Anna’s hand stilled on my stocking. ‘You felt it, whatever it was? Your … way of feeling?’
‘It was a voice. She called me—’
‘She?’
‘I couldn’t fight her, Anna. She knows my name! The barman at the Bush told me all about her, how she was cast aside by—’
Anna sat back on her heels. ‘Who knows your name?’
‘The mermaid.’ I said it in a whisper but she heard me, that creature, for the wind blew hard at that moment and made the window hmmmm in its frame. We both jumped.
‘That’s her,’ I said, ‘making ready to call me. To call me to my death!’
‘It does sound something like a voice, I’ll grant you,’ Anna said. ‘But it’s surely just the wind, Shilly.’

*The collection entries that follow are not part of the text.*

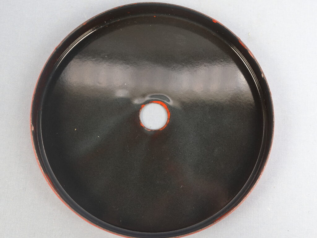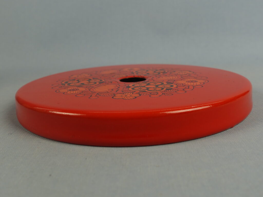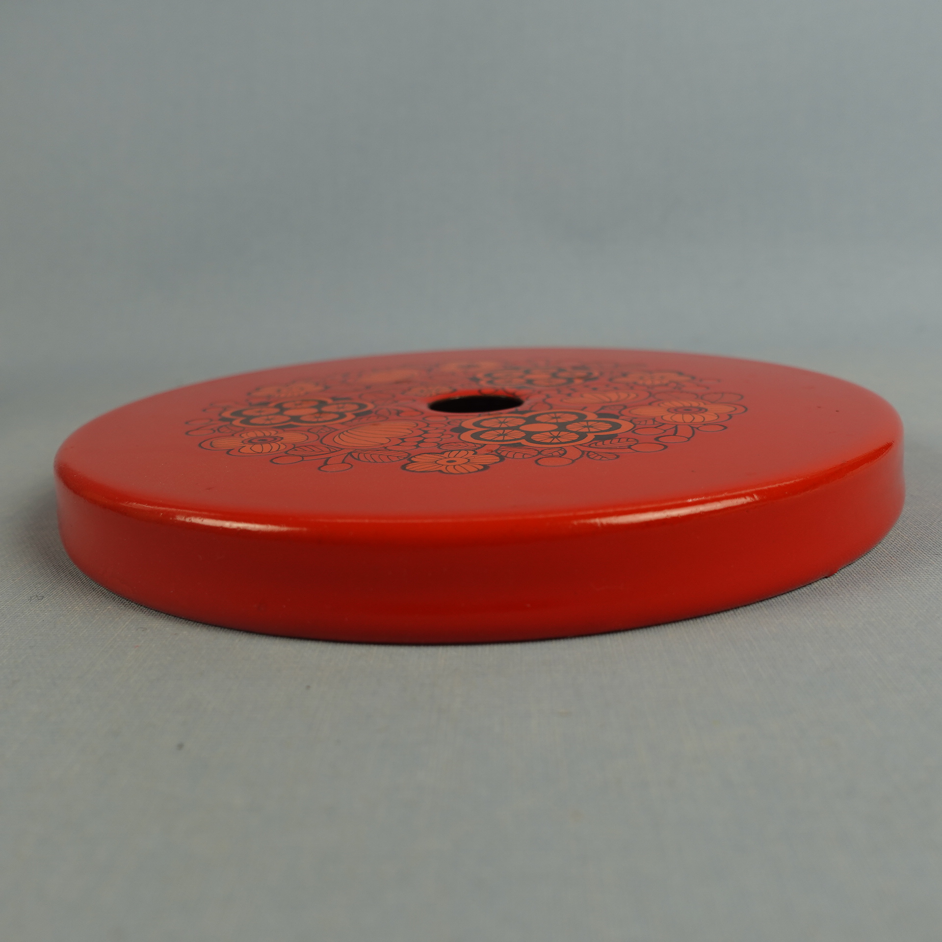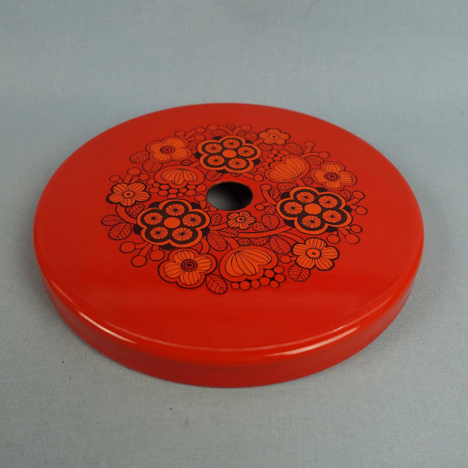 Raija Uosikkisen Finelille suunnittelema emalinen, punainen Maaret-sarjan liesilevynsuoja. Levynsuoja lienee 1970-luvun tuotantoa. Sen halkaisija on 16,5 cm ja korkeus 1,5 cm. Myynnissä oleva suoja on uudenveroisessa kunnossa.
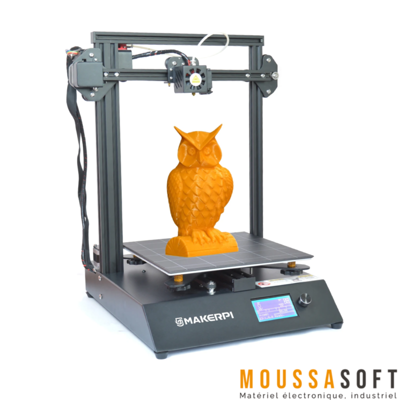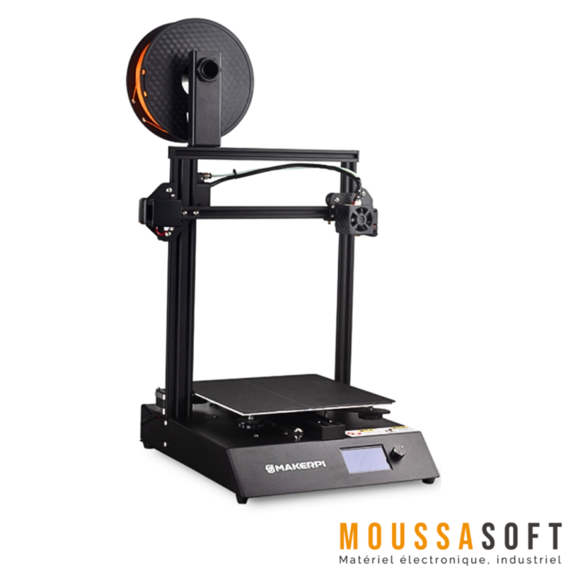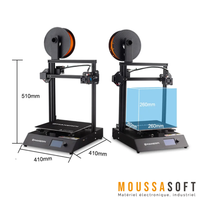 Maker Pi 2 offre une taille d’impression de 260 x 260 x 260 mm, ce qui permet de réaliser des objets de taille moyenne avec une bonne résolution. Son extrudeuse peut atteindre une température maximale de 260°C, ce qui la rend compatible avec divers matériaux comme le PLA, PETG, ABS, et plus encore. La plate-forme d’impression est équipée d’un lit chauffant pouvant monter jusqu’à 110°C, permettant une excellente adhésion des modèles.
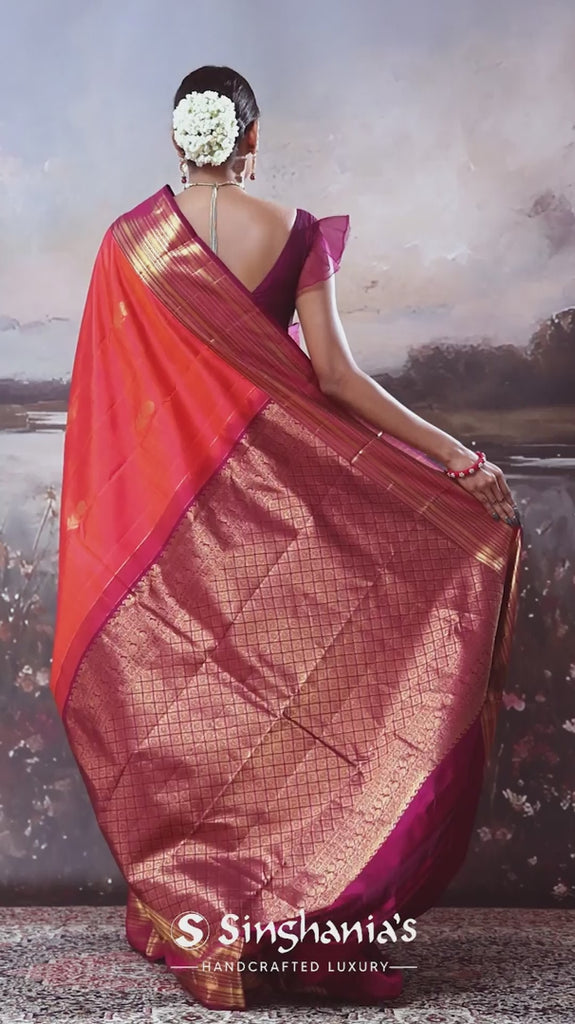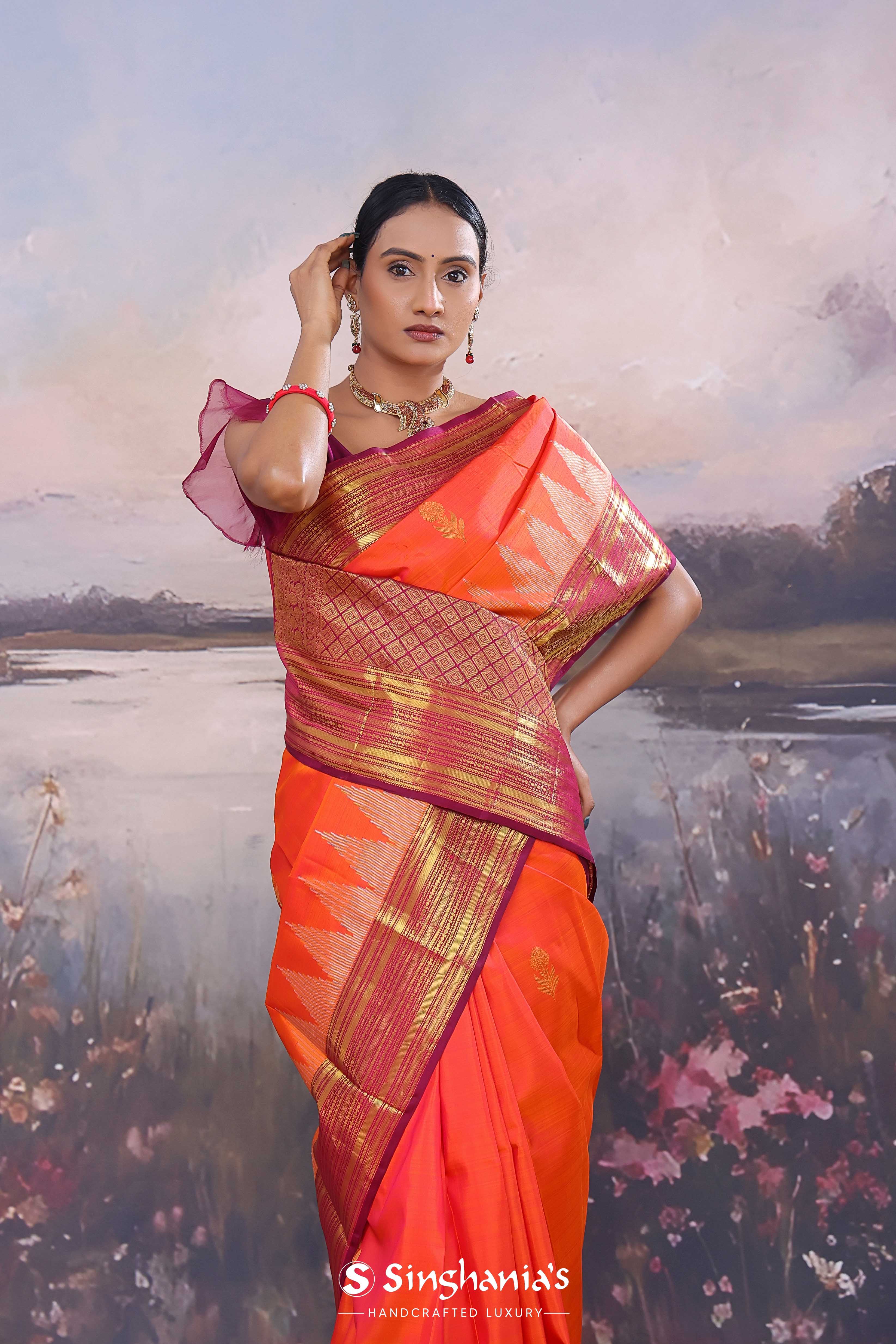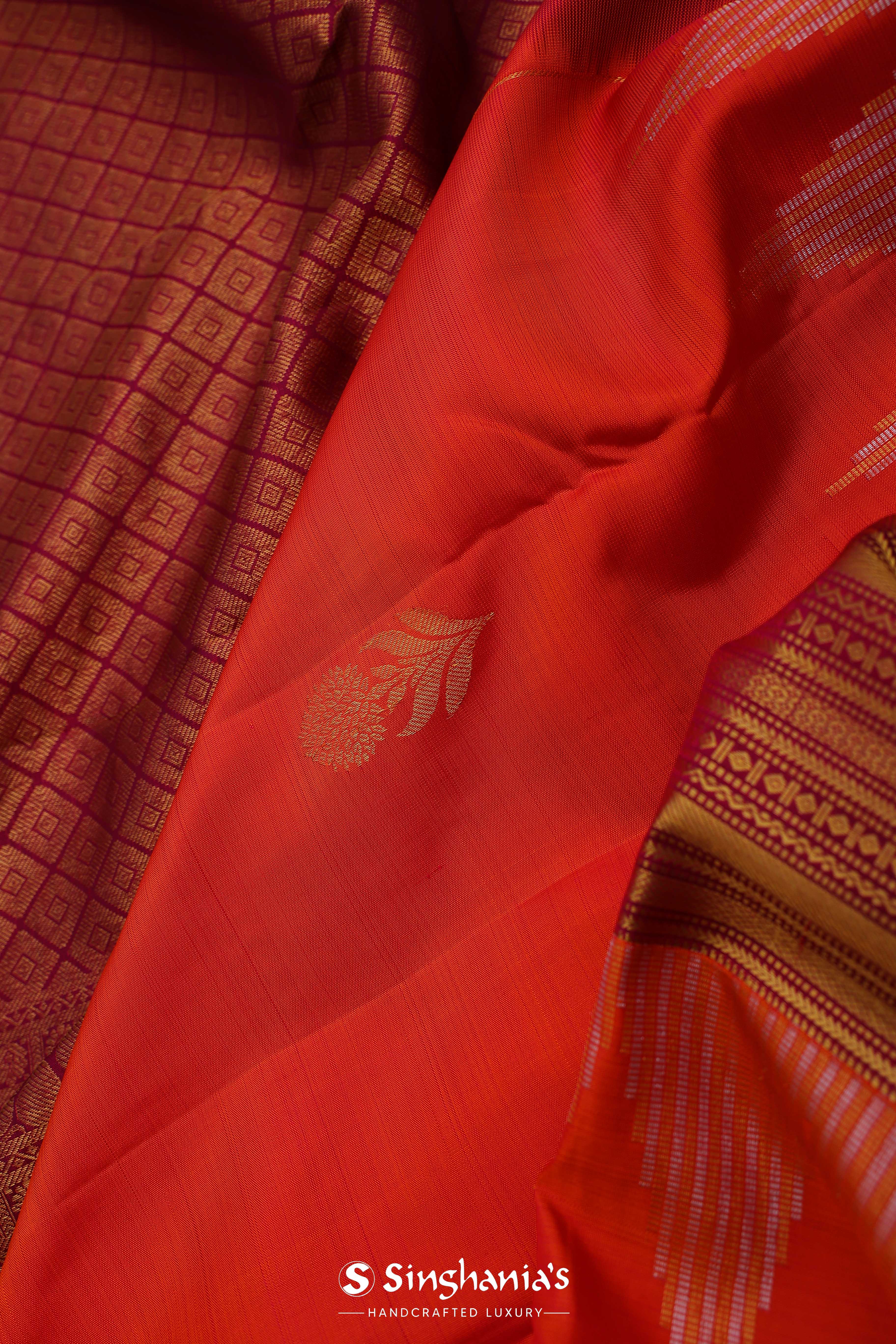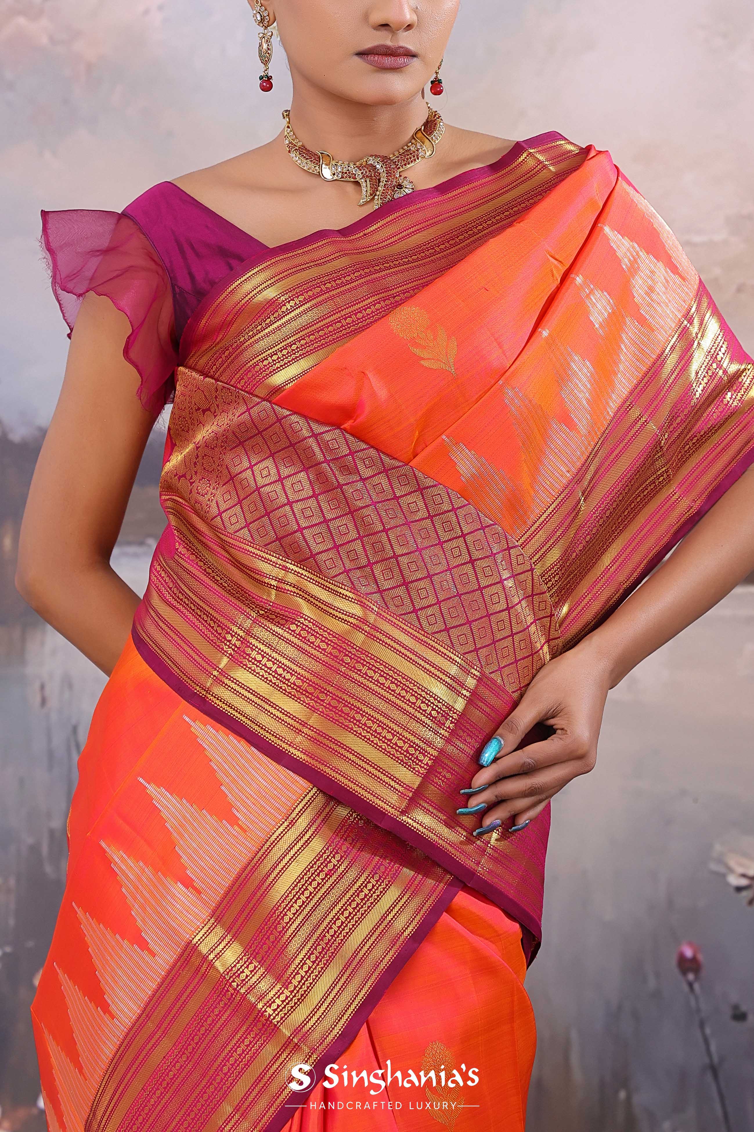 This Orange kanjivaram saree features butta's all over the body and leaf like pattern is woven above the contrast burgundy border which has horizontal stripes with some sections having a diamond like grid pattern , which is a blend of traditional and contemporary style.

I pressed my face into her breast and sobbed. She let me cry, and the warmth of her body eased the shakes. She helped me back to sitting and joined me on the bed. Her arm around me, but the best of it was she didn’t tell me no, Shilly, you’re a liar, you’re mad, you’re a drunk, or all three crimes together. She didn’t try to stop me talking. Instead she asked me to tell her what I had heard on the beach.
‘Will you take off Mr Williams?’ I said. ‘I would rather tell you than him.’
‘If it would help.’ She peeled off her whiskers, with some wincing for the glue made the whiskers cling. I helped her unpin her wig and she fluffed her yellow hair beneath so it stood at all angles, like a cornfield roughly shorn to stubble.
‘There now,’ she said, and put her arm around me again. ‘Tell me what happened.’
‘It’s as if she speaks in the wind,’ I said. ‘That’s how her voice reaches me.’
‘And what does she say?’
‘That I should come down to the sea. That I should join her. And my name, Anna. My true name! The way she says it – it gets inside my head and thrums there. It dulls me. Takes away all my thoughts so all there is, is her.’
Anna put her hand to my forehead and I leant into her touch.
‘Does it hurt?’ she said. ‘A headache?’
‘Bad, it is, but it’s worse what she does to my legs. Her voice is like a charm that sets me walking and I don’t even know I’m doing it until I’ve moved. If you hadn’t got hold of me today …’
‘And last night, when I woke to find you trying to open the door, it was the same – this voice, calling you?’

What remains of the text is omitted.